Because of my recent residence that will last only until Wednesday (ahem, Pine Inn in Carmel), I have been privy to a wider range of TV shows (the cottage yields only two channels). It has been quite enjoyable. Last night I indulged in Jon Stewart's Daily Show, along with Colbert's show--very entertaining. But the real indulgence has been in The View. Yes, some of you may have objections to this indulgence, but I am not ashamed to admit that I rather love the show. I mean, what's better than five stylish women bantering on about topics that don't really matter in everyday life? Again, I guess I just love people who get paid to give commentary on the world (I suppose my dream job!) I'm thinking of organizing my own version of the View. The stage can be the cottage porch. Now I need an older woman like Barbara Walters to give pearls of wisdom ("I recently attended a dinner with the ruler of Syria, and I found him and his wife quite wonderful, and...blah blah blah). I need a bullsy woman to shoot out quips while bobbing her red head like Joy ("Barbara, Italy called, they want their gondola back. I mean, what is with your outfit!"). And of course someone young and cute, but very conservative like Elizabeth ("I'm more of a McCain girl right now!"). And lastly two African-American women who will spice up the show like Whoopi ("I'm not that deep. I rarely research my roles") and Sherrie ("I know why they call it white-water rafting--we were the only black people out there in the water!") (I suppose they don't have to be African-American). Consider this my official casting call! I'm also up for good titles....

The Porch
The Cottage Girls
The Banter
The Commentators

Friday, July 04, 2008

A Time for Freedoms

Today is the Fourth of July, one of those mysterious holiday, where I never know what is going to happen, what to make of it. There are no set traditions for it, at least in my circle of acquaintances. What are some Fourth of July traditions? I mean, the holiday was birthed from rebels starting a war. Should we all dress in Colonial garb, carry around muskets, or write long and wordy documents declaring the freedoms we want?

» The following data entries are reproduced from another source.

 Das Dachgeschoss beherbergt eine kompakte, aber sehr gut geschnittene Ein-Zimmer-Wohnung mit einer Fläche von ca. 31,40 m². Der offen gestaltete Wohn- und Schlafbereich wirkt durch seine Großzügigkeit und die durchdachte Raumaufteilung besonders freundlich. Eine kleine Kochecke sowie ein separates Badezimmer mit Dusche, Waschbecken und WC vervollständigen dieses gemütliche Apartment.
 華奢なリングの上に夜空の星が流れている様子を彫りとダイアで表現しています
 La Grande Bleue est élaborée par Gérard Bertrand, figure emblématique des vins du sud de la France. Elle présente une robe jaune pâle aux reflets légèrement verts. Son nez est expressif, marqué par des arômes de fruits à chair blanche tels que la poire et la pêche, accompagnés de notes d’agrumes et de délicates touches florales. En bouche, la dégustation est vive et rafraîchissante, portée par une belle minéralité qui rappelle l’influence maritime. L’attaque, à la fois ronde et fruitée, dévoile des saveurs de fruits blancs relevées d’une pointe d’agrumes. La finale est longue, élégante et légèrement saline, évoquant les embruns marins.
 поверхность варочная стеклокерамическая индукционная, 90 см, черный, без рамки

I think instead we eat and set off fireworks, right? This year the eating will happen, but the fireworks won't now that Orcutt isn't allowed to have them. Hmm...maybe that is something we can protest, we can declare our freedom for, we can write a Declaration of Fireworks! Here are some things I'm thinking of Declaring Freedom for:

Freedom to bear cellphones while driving
Freedom to partake in firework ceremonies
Freedom to receive free state-funded Starbucks beverages
Freedom to set up private work-schedules (ie every Friday off, every other Monday a holiday)

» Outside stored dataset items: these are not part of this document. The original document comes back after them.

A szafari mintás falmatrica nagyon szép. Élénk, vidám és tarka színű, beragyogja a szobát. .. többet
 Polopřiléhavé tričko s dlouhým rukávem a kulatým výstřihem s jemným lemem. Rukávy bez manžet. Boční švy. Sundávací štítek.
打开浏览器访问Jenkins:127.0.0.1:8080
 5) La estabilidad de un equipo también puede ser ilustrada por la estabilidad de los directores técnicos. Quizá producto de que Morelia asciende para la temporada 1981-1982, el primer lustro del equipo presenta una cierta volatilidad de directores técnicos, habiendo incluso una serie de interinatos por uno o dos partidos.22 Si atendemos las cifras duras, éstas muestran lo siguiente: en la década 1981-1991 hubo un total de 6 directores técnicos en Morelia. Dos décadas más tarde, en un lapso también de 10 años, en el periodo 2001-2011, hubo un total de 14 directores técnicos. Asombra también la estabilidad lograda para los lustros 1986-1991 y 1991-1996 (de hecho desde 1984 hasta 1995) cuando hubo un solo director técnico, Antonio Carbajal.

Those in favor of writing a Declaration of these freedoms, say "I!"

Wednesday, July 02, 2008

Fauf's Got Talent

Many of you have heard me tell about my new fave TV show right now: America's Got Talent. Yes, I'm loving it. The judges really make it fun, and of course some of these people who think they have talent and then try it out, can be pretty ridiculous. Like the one guy who thought he sang like Tom Jones pretty well. He started singing and it sounded more like Elvis. So Sharon clarified it for him: "So you're doing Elvis doing Tom Jones." Or the woman who called herself the Singing Fairy. Yes, she was dressed as a fairy, and yes she tried to sing. Last night there was a ridiculous woman with ginormous boobs. And she used those humungous boobs to cruch cans! She called herself Busty Heart. The judges have already spoken memorable lines:

Sharon: "Most orchestra players are old greasy men, but you're fabulous!"
Pierce: "You are a complete waste of space and I want you to go now."
Cheesy David: "I'm proud of you for sticking with your dream, son!"

I sort of wish we had commentators to pass judgment on everyday life. It could make life very interesting....but I guess that's what this blog is for.